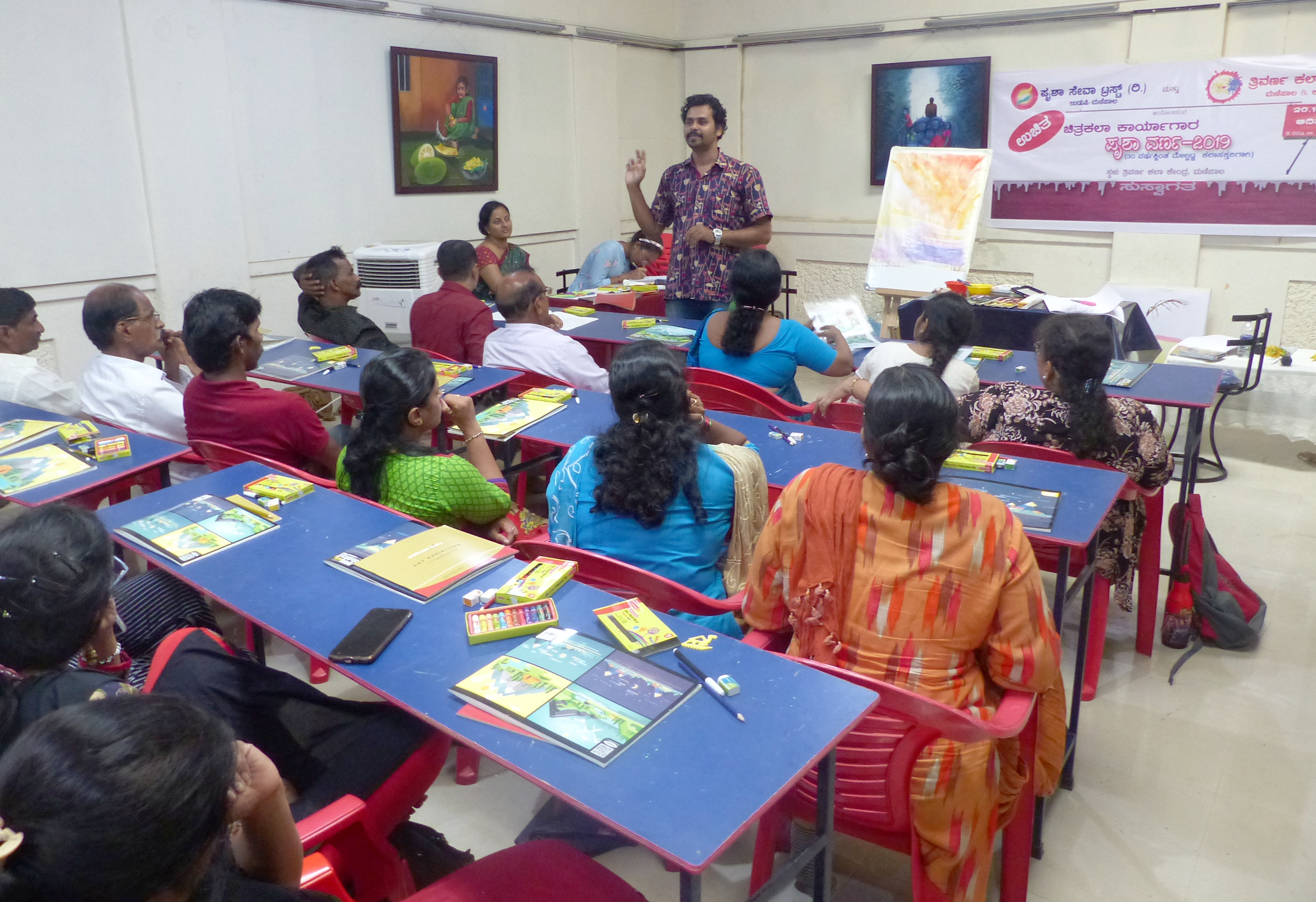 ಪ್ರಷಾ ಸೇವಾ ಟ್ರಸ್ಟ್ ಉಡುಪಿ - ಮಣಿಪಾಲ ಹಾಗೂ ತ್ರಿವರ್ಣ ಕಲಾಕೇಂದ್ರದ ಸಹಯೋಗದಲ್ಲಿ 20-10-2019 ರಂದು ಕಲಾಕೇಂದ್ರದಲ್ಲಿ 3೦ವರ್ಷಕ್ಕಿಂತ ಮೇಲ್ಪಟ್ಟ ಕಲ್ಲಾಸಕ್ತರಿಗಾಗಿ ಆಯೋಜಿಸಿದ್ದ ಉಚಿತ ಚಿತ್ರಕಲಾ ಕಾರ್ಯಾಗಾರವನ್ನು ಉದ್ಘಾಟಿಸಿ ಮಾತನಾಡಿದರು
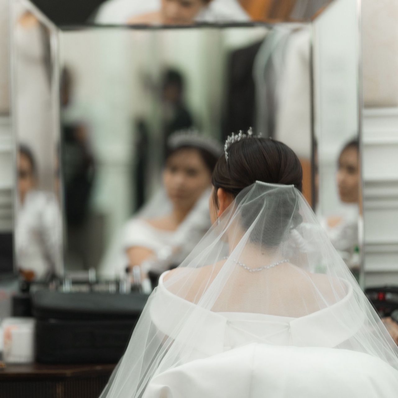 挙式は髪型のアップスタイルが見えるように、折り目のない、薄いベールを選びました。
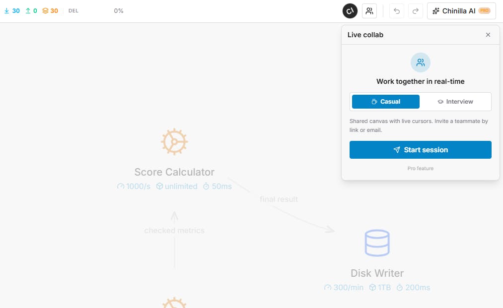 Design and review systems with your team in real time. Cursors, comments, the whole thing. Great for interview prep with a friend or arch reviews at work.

- - -

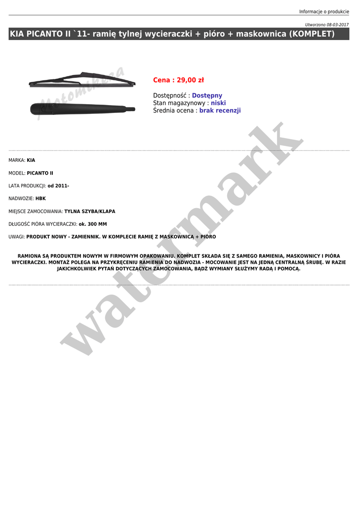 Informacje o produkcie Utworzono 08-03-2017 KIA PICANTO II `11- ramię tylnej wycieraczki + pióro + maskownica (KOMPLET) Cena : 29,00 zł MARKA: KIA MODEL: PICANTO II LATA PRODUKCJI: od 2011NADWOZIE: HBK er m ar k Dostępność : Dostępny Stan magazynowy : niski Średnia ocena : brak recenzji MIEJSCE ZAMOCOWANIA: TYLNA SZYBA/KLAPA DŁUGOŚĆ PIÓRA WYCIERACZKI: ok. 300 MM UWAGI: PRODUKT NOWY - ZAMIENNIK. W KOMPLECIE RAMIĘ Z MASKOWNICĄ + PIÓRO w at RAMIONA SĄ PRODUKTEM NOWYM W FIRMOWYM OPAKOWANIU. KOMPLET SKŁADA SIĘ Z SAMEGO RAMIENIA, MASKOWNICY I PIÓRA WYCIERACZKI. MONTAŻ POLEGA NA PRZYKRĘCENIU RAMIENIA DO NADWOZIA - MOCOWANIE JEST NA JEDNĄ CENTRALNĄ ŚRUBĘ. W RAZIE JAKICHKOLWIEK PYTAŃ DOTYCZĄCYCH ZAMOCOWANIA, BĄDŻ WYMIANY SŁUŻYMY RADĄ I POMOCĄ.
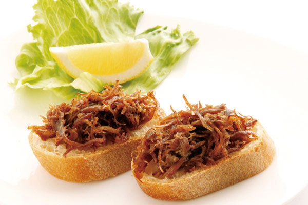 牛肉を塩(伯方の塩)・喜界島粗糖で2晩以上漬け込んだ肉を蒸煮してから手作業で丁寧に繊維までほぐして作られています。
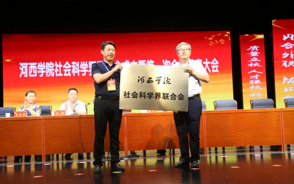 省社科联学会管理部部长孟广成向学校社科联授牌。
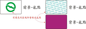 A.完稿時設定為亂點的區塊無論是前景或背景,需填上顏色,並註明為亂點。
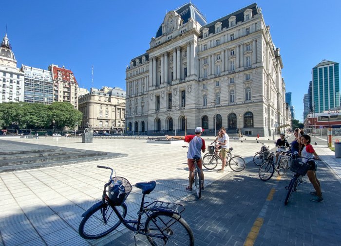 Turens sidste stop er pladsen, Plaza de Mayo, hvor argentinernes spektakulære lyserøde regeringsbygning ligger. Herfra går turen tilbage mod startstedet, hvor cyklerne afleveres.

- - -

■ Assigned task ■
Only the lines above starting with the line with "ಪ್ರಷಾ ಸೇವಾ ಟ್ರಸ್ಟ್" and going on through the line with "Design and review" belong in the answer; repeat them exactly, minus any picture.

■ Solution to the exercise ■
 ಪ್ರಷಾ ಸೇವಾ ಟ್ರಸ್ಟ್ ಉಡುಪಿ - ಮಣಿಪಾಲ ಹಾಗೂ ತ್ರಿವರ್ಣ ಕಲಾಕೇಂದ್ರದ ಸಹಯೋಗದಲ್ಲಿ 20-10-2019 ರಂದು ಕಲಾಕೇಂದ್ರದಲ್ಲಿ 3೦ವರ್ಷಕ್ಕಿಂತ ಮೇಲ್ಪಟ್ಟ ಕಲ್ಲಾಸಕ್ತರಿಗಾಗಿ ಆಯೋಜಿಸಿದ್ದ ಉಚಿತ ಚಿತ್ರಕಲಾ ಕಾರ್ಯಾಗಾರವನ್ನು ಉದ್ಘಾಟಿಸಿ ಮಾತನಾಡಿದರು
 挙式は髪型のアップスタイルが見えるように、折り目のない、薄いベールを選びました。
 Design and review systems with your team in real time. Cursors, comments, the whole thing. Great for interview prep with a friend or arch reviews at work.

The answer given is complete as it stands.